# [HOW TO COMPLETE THIS TASK]
Your answer should be the exact lines of the data below from the one containing "WCV3027 PETROBIUM WHITE" through the one containing "Parkwood 15-30-15 Flower"; please include nothing else.
RECORDS SUPPLIED Block Start
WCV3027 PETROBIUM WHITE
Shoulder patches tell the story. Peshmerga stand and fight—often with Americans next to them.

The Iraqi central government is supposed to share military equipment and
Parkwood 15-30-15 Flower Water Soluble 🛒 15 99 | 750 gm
RECORDS SUPPLIED Block End
RECORDS SUPPLIED Block Start
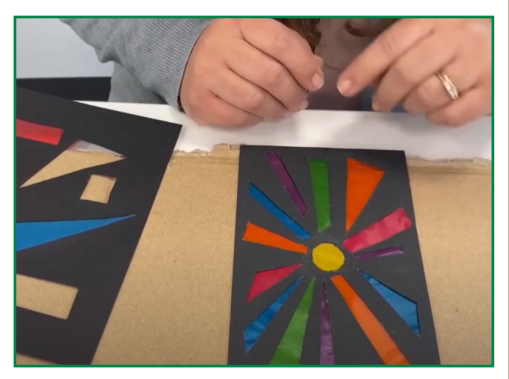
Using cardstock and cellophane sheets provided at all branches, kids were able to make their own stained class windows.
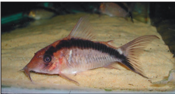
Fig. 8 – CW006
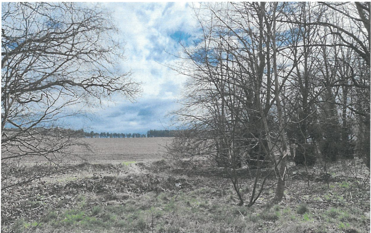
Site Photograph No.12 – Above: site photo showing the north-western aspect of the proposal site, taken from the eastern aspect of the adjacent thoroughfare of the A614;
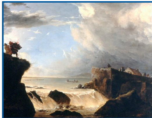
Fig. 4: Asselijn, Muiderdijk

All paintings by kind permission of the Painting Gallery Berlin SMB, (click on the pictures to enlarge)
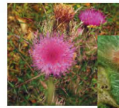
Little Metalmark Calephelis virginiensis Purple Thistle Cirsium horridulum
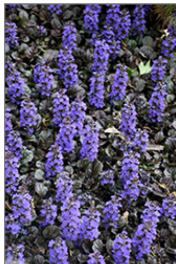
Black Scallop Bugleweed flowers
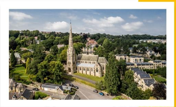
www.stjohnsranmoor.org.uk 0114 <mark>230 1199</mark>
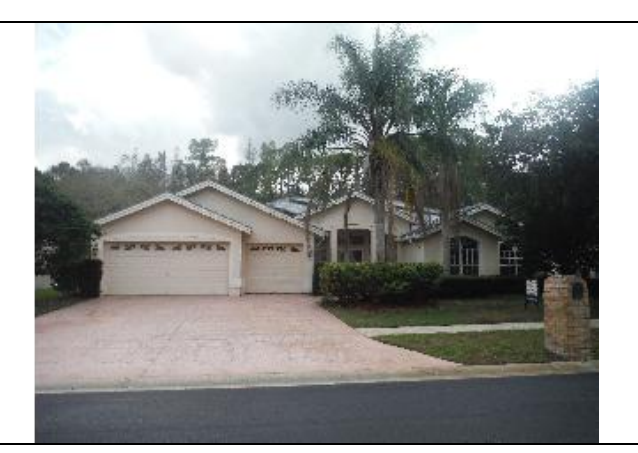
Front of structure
RECORDS SUPPLIED Block End
# [EXERCISE OUTPUT]
WCV3027 PETROBIUM WHITE
Shoulder patches tell the story. Peshmerga stand and fight—often with Americans next to them.

The Iraqi central government is supposed to share military equipment and
Parkwood 15-30-15 Flower Water Soluble 🛒 15 99 | 750 gm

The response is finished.